Threshold Behavior of the Formation of Nanometer Islands in a Ge/Si(100) System in the Presence of Sb

Atomic-force microscopy is used to study the behavior of an array of Ge islands formed by molecular-beam epitaxy on an Si (100) surface in the presence of an antimony flux incident on the surface. It is shown that, as the Sb flux increases to a certain critical level, the surface density of the islands increases; however, if this critical level is exceeded, nucleation of the islands is suppressed and mesoscopic small-height clusters are observed on the surface. This effect is explained qualitatively in the context of a kinetic model of the islands’ formation in heteroepitaxial systems mismatched with respect to their lattice parameters.

Suppression of Dome-Shaped Clusters During Molecular Beam Epitaxy of Ge on Si(100)

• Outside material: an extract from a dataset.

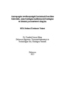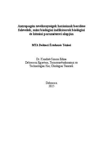 Kundrát-Simon, Edina (2025) Antropogén tevékenységek hatásának becslése falevelek, mint biológiai indikátorok biológiai és kémiai paraméterei alapján. Doctor of the Hung. Acad. of Sci. thesis, Debreceni Egyetem.
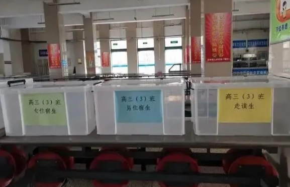 鄭州九中將各班的一日三餐都分成走讀生、男、女住校生三部分,用收納箱提前裝好。

Morphological properties of Ge nanoscale island arrays formed on the Si(100) surface during molecular beam epitaxy are studied using reflection high-energy electron diffraction and atomic-force microscopy. It is shown that codeposition of Sb and Ge significantly increases the density of final island arrays and suppresses the formation of dome-shaped clusters at substrate temperatures of 550–600°C. The results are discussed in the context of the kinetic model of formation of elastically strained islands in heteroepitaxial systems with a lattice mismatch.

1.3-1.4 µm photoluminescence emission from InAs/GaAs quantum dot multilayer structures grown on GaAs singular and vicinal substrates

Optical and structural properties of multilayer structures with InAs/GaAs quantum dots are investigated. It is shown that under optimal growth conditions, 1.3-1.4 µm emission can be achieved. Possible scenarios of quantum dot behaviour evaluation are discussed in a frame of elastic theory to explain differences in optical properties of the grown structures.